Martuscello Regina T, Kerridge Chloë A, Chatterjee Debotri, Hartstone Whitney G, Kuo Sheng-Han, Sims Peter A, Louis Elan D, Faust Phyllis L
Department of Pathology and Cell Biology, Columbia University Medical Center and the New York Presbyterian Hospital, 630 W 168th Street, P&S 15-405, New York, NY, USA; College of Physicians and Surgeons, Columbia University Medical Center and the New York Presbyterian Hospital, 630 W 168th Street, New York, NY, USA.
College of Physicians and Surgeons, Columbia University Medical Center and the New York Presbyterian Hospital, 630 W 168th Street, New York, NY, USA; Department of Neurology, College of Physicians and Surgeons, Columbia University, 630 W 168th Street, BB302, New York, NY, USA.
Neurosci Lett. 2020 Mar 16;721:134540. doi: 10.1016/j.neulet.2019.134540. Epub 2019 Nov 7.
Essential tremor (ET) is one of the most common neurological diseases, with a central feature of an 8-12 Hz kinetic tremor. While previous postmortem studies have identified a cluster of morphological changes in the ET cerebellum centered in/around the Purkinje cell (PC) population, including a loss of PCs in some studies, the underlying molecular mechanisms for these changes are not clear. As genomic studies of ET patients have yet to identify major genetic contributors and animal models that fully recapitulate the human disease do not yet exist, the study of human tissue is currently the most applicable method to gain a mechanistic insight into ET disease pathogenesis. To begin exploration of an underlying molecular source of ET disease pathogenesis, we have performed the first transcriptomic analysis by direct sequencing of RNA from frozen cerebellar cortex tissue in 33 ET patients compared to 21 normal controls. Principal component analysis showed a heterogenous distribution of the expression data in ET patients that only partially overlapped with control patients. Differential expression analysis identified 231 differentially expressed gene transcripts ('top gene hits'), a subset of which has defined expression profiles in the cerebellum across neuronal and glial cell types but a largely unknown relationship to cerebellar function and/or ET pathogenesis. Gene set enrichment analysis (GSEA) identified dysregulated pathways of interest and stratified dysregulation among ET cases. By GSEA and mining curated databases, we compiled major categories of dysregulated processes and clustered string networks of known interacting proteins. Here we demonstrate that these 'top gene hits' contribute to regulation of four main biological processes, which are 1) axon guidance, 2) microtubule motor activity, 3) endoplasmic reticulum (ER) to Golgi transport and 4) calcium signaling/synaptic transmission. The results of our transcriptomic analysis suggest there is a range of different processes involved among ET cases, and draws attention to a particular set of genes and regulatory pathways that provide an initial platform to further explore the underlying biology of ET.
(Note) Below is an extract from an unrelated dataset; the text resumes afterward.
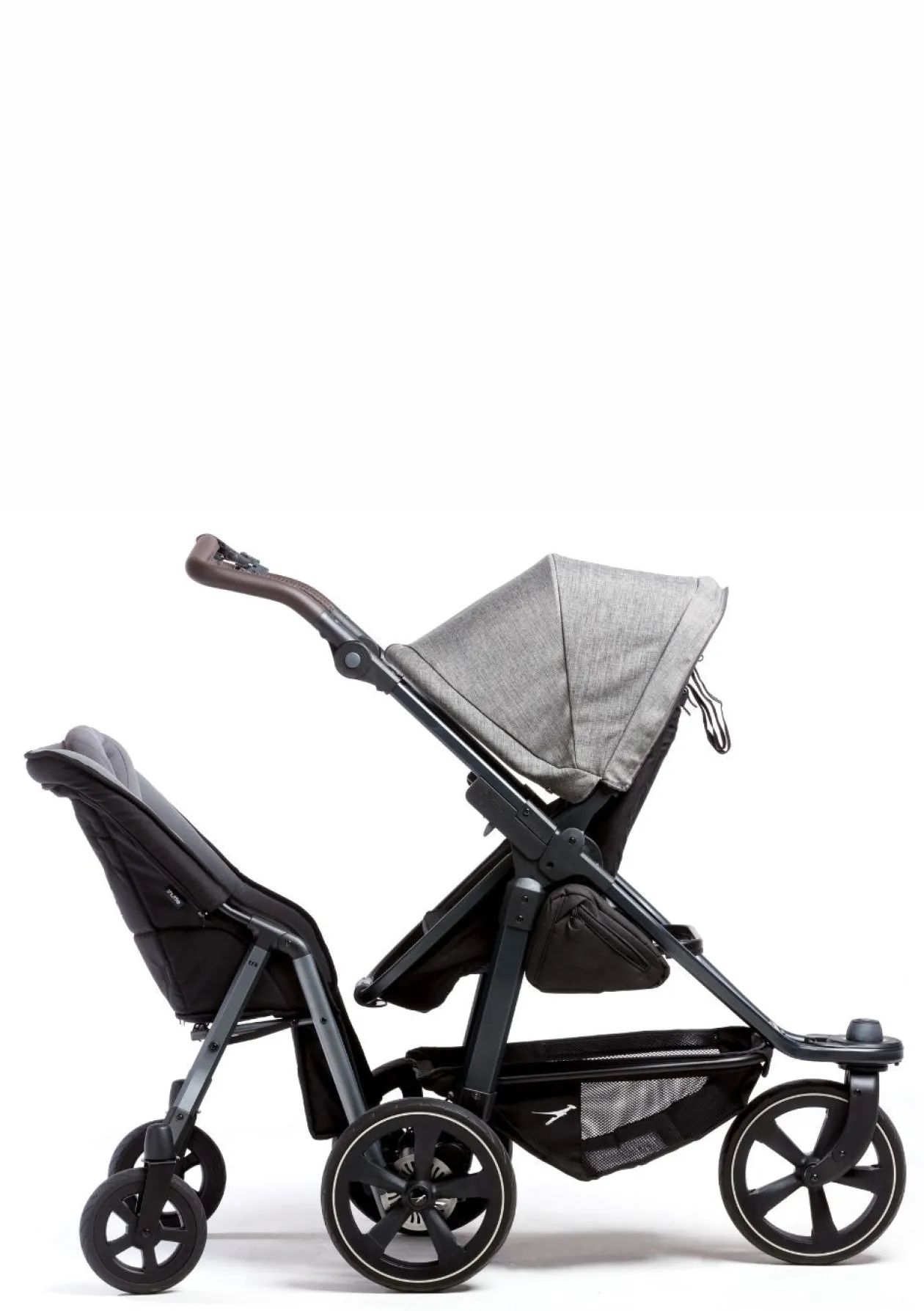 Bequemer geht es kaum: In diesem innovativem Zweitsitz kann das ältere Geschwisterchen Platz nehmen und mitfahren. Auf diese Weise ermöglicht der TFK ‚Shuttle‘ den angenehmen Transport von zwei kleinen Kindern ohne Geschwisterwagen. Durch die hohe Rückenlehne und das weiche Kopfpolster erlebt auch das ältere Kind höchsten Fahrkomfort. Der weite Radstand stellt ein angenehmes Schieben sicher.

特发性震颤(ET)是最常见的神经疾病之一,其主要特征是8 - 12赫兹的运动性震颤。虽然先前的尸检研究已经确定ET患者小脑存在以浦肯野细胞(PC)群体为中心/周围的一系列形态学变化,包括在一些研究中PC的丢失,但这些变化的潜在分子机制尚不清楚。由于对ET患者的基因组研究尚未确定主要的遗传因素,且尚未存在完全重现人类疾病的动物模型,目前对人体组织的研究是深入了解ET疾病发病机制的最适用方法。为了开始探索ET疾病发病机制的潜在分子来源,我们对33例ET患者与21例正常对照的冷冻小脑皮质组织RNA进行了直接测序,首次进行了转录组分析。主成分分析显示ET患者表达数据呈异质性分布,仅部分与对照患者重叠。差异表达分析确定了231个差异表达的基因转录本(“顶级基因命中”),其中一部分在小脑的神经元和神经胶质细胞类型中具有特定的表达谱,但与小脑功能和/或ET发病机制的关系很大程度上未知。基因集富集分析(GSEA)确定了感兴趣的失调途径,并对ET病例中的失调进行了分层。通过GSEA和挖掘精心策划的数据库,我们整理了失调过程的主要类别,并聚类了已知相互作用蛋白质的字符串网络。在这里,我们证明这些“顶级基因命中”有助于调节四个主要生物学过程,即1)轴突导向,2)微管运动活性,3)内质网(ER)到高尔基体运输,以及4)钙信号传导/突触传递。我们的转录组分析结果表明ET病例涉及一系列不同的过程,并提请注意一组特定的基因和调节途径,这些为进一步探索ET的潜在生物学特性提供了一个初始平台。